WHAT IS REQUIRED
For this exercise, the lines from the one with "创维烟灶联动抽油烟机燃气灶套餐家用顶侧双吸油烟机灶具套装Y719" through the final line of the data below are to be transcribed exactly, and pictures are to be skipped.

== GIVEN DATA

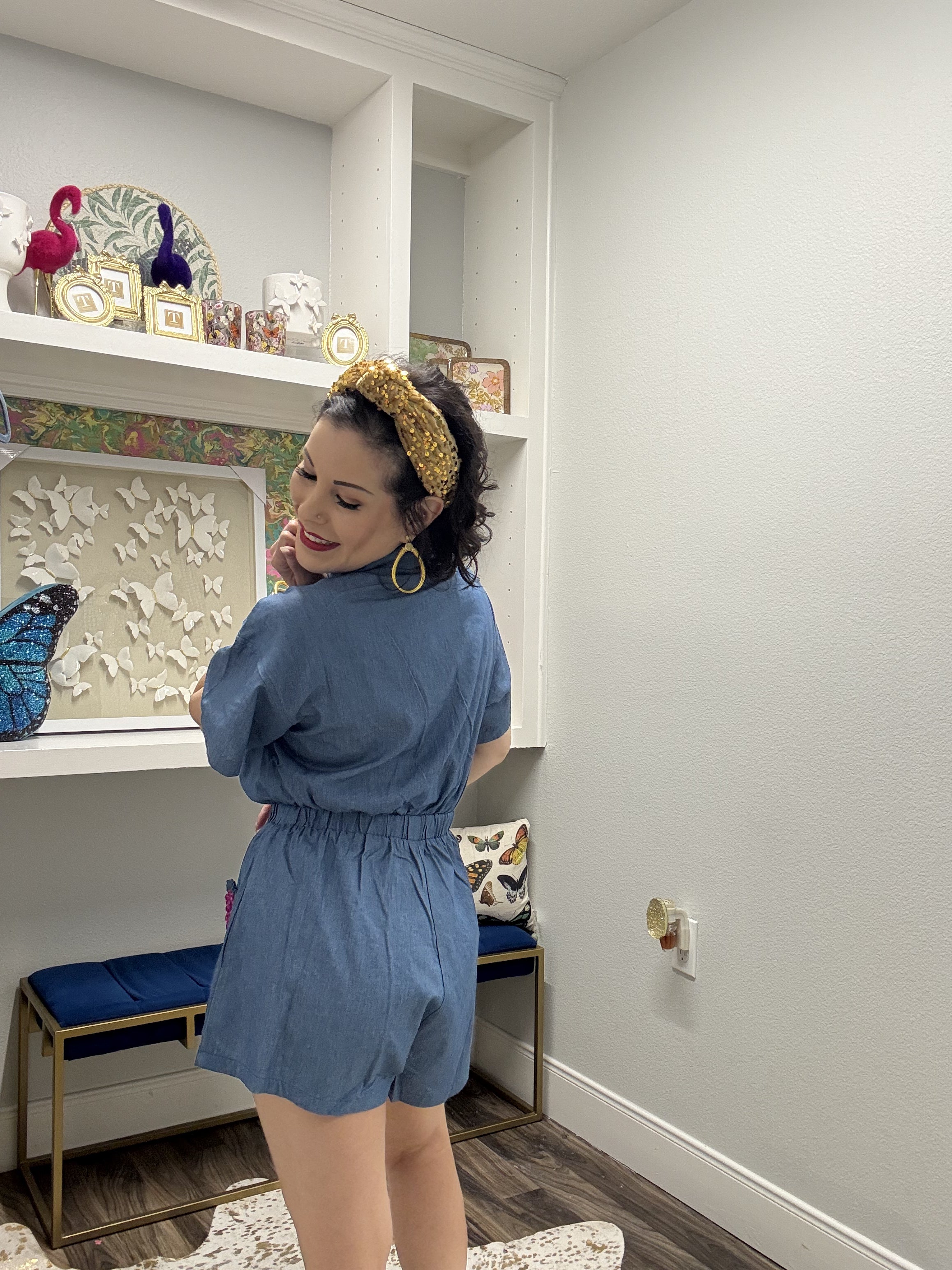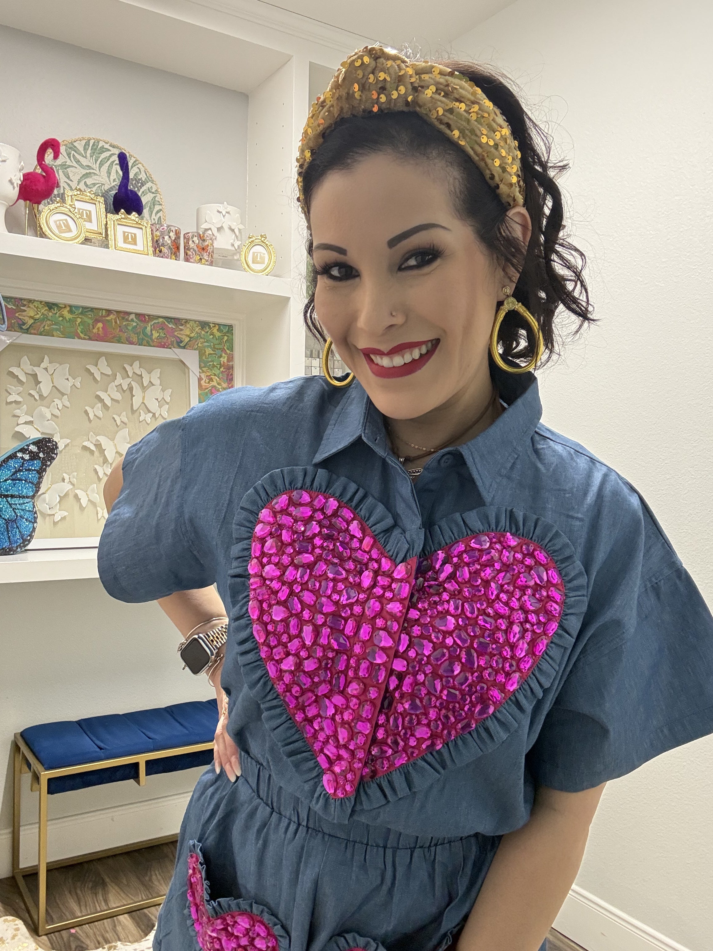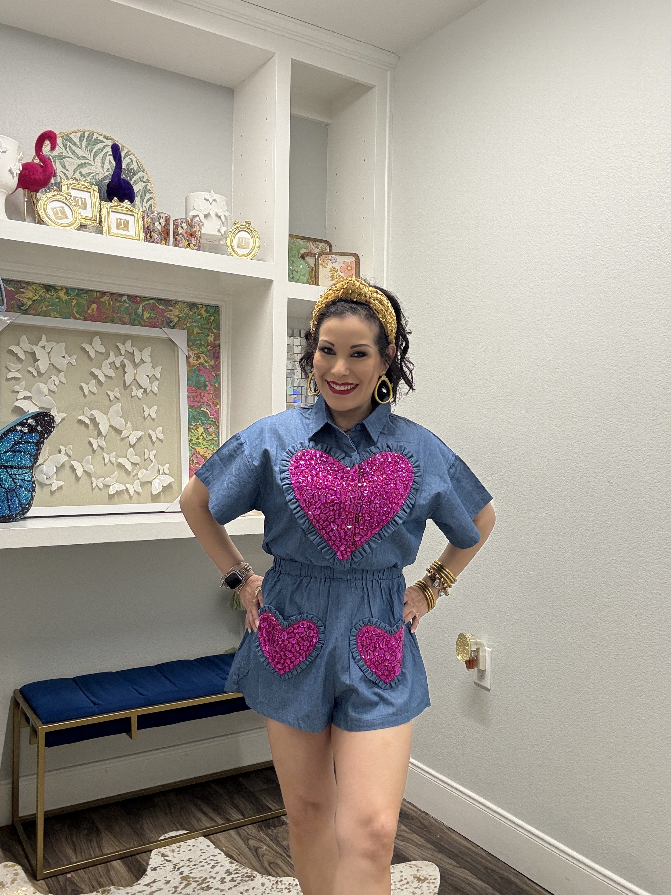 Strut your stuff in this show-stopping romper that's equal parts denim cool and purple glam! Oversized fit means maximum comfort while you're turning heads, and those jeweled heart details? Pure sparkle magic. Ruffled edges add a flirty touch that screams confidence. Whether you're hitting the town or making a statement at your next event, this piece proves that more is more—and fabulous is always in style. Model is wearing an XS.
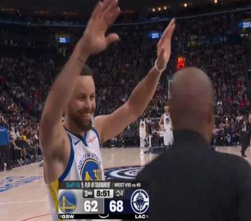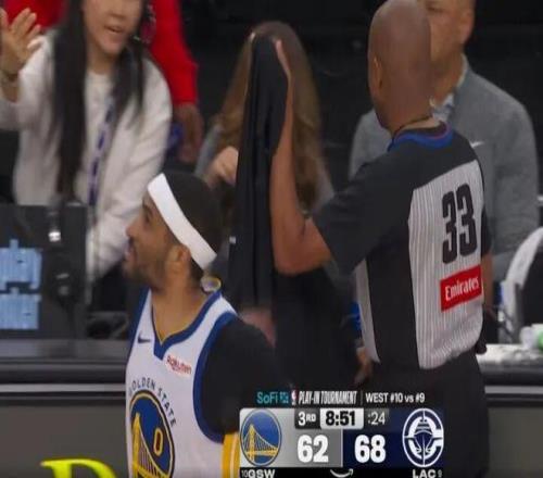 库里之后高举双手笑迎替补裁判肖恩-科宾脱衣服替补出战
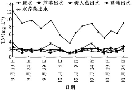 | 圖4 4種不同植物濕地對(duì)TN的去除效果 |
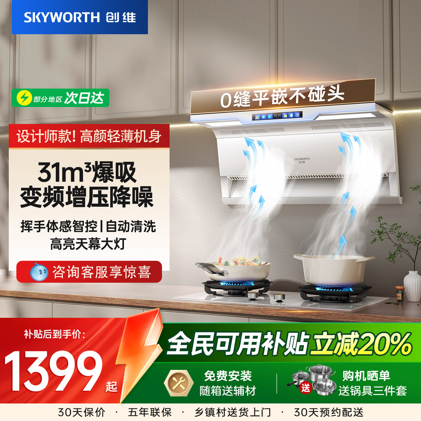 创维烟灶联动抽油烟机燃气灶套餐家用顶侧双吸油烟机灶具套装Y719
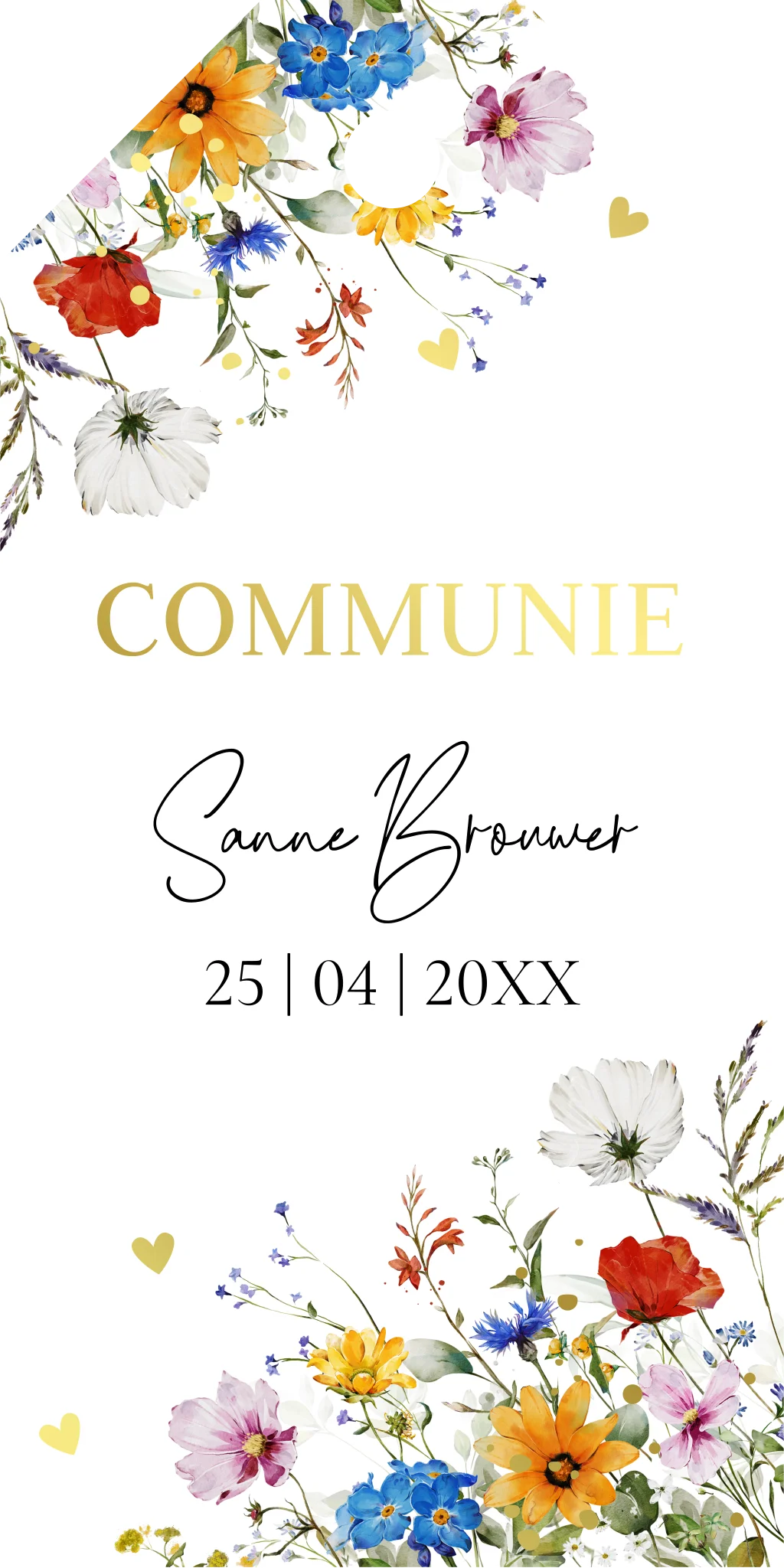 Labeltjes met veld bloemen en goudfolie. Let op: omdat je kunt kiezen uit verschillende bevestigingsmaterialen bestel je het bevestigingsmateriaal van jouw voorkeur los bij de kaart. Specificaties van het labeltje: • 16 labels per vel. • Formaat: 3 x 6 cm. • Papiersoort: coated karton.
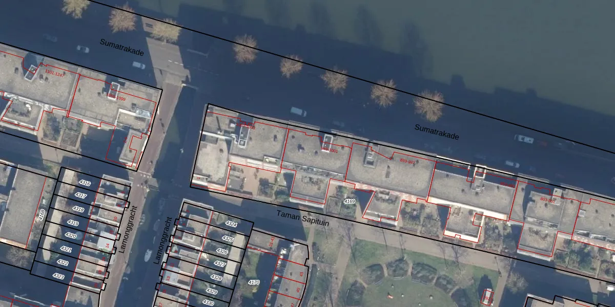 Het perceel waarop Sumatrakade 989 staat heeft een oppervlakte van 4316 m². Dit is een zeer groot perceel. De perceeloppervlakte wordt geregistreerd door het Kadaster. Gedetailleerde informatie over de maten van dit perceel kunt u vinden in het rapport Kadastrale kaart met maatvoering van Sumatrakade 989.
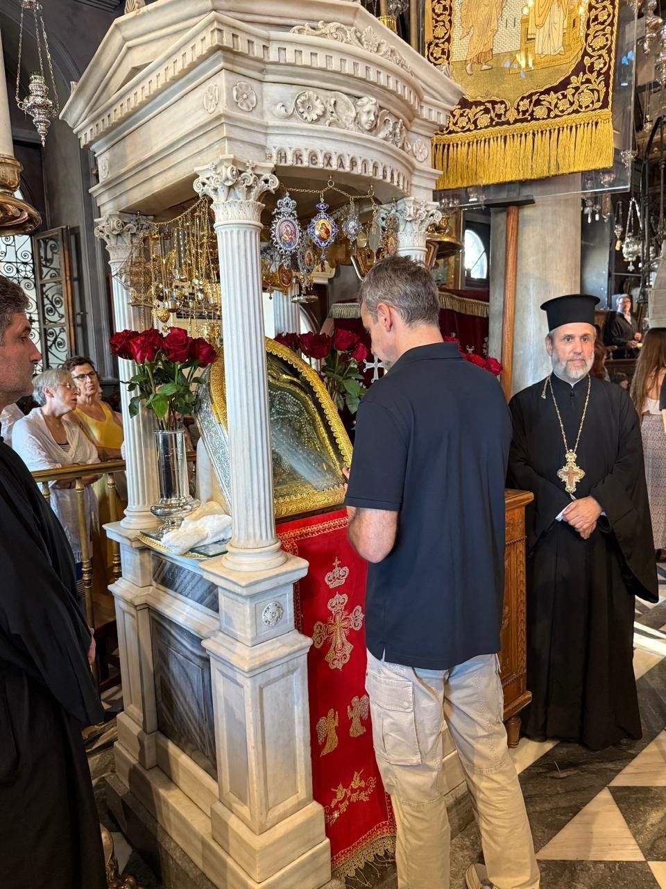 Ετσι, δεκάδες πιστοί που βρίσκονταν στην Παναγία είδαν ανάμεσά τους τον «Νόλε» και τον κ. Μητσοτάκη να περιμένουν να ανάψουν κερί και να προσκυνήσουν τη θαυματουργή εικόνα.
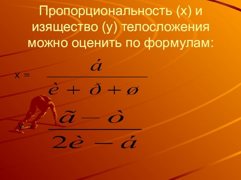 Слайд 14Пропорциональность (х) и изящество (у) телосложения можно оценить по формулам:

====

EXPECTED ANSWER
 创维烟灶联动抽油烟机燃气灶套餐家用顶侧双吸油烟机灶具套装Y719
 Labeltjes met veld bloemen en goudfolie. Let op: omdat je kunt kiezen uit verschillende bevestigingsmaterialen bestel je het bevestigingsmateriaal van jouw voorkeur los bij de kaart. Specificaties van het labeltje: • 16 labels per vel. • Formaat: 3 x 6 cm. • Papiersoort: coated karton.
 Het perceel waarop Sumatrakade 989 staat heeft een oppervlakte van 4316 m². Dit is een zeer groot perceel. De perceeloppervlakte wordt geregistreerd door het Kadaster. Gedetailleerde informatie over de maten van dit perceel kunt u vinden in het rapport Kadastrale kaart met maatvoering van Sumatrakade 989.
 Ετσι, δεκάδες πιστοί που βρίσκονταν στην Παναγία είδαν ανάμεσά τους τον «Νόλε» και τον κ. Μητσοτάκη να περιμένουν να ανάψουν κερί και να προσκυνήσουν τη θαυματουργή εικόνα.
 Слайд 14Пропорциональность (х) и изящество (у) телосложения можно оценить по формулам:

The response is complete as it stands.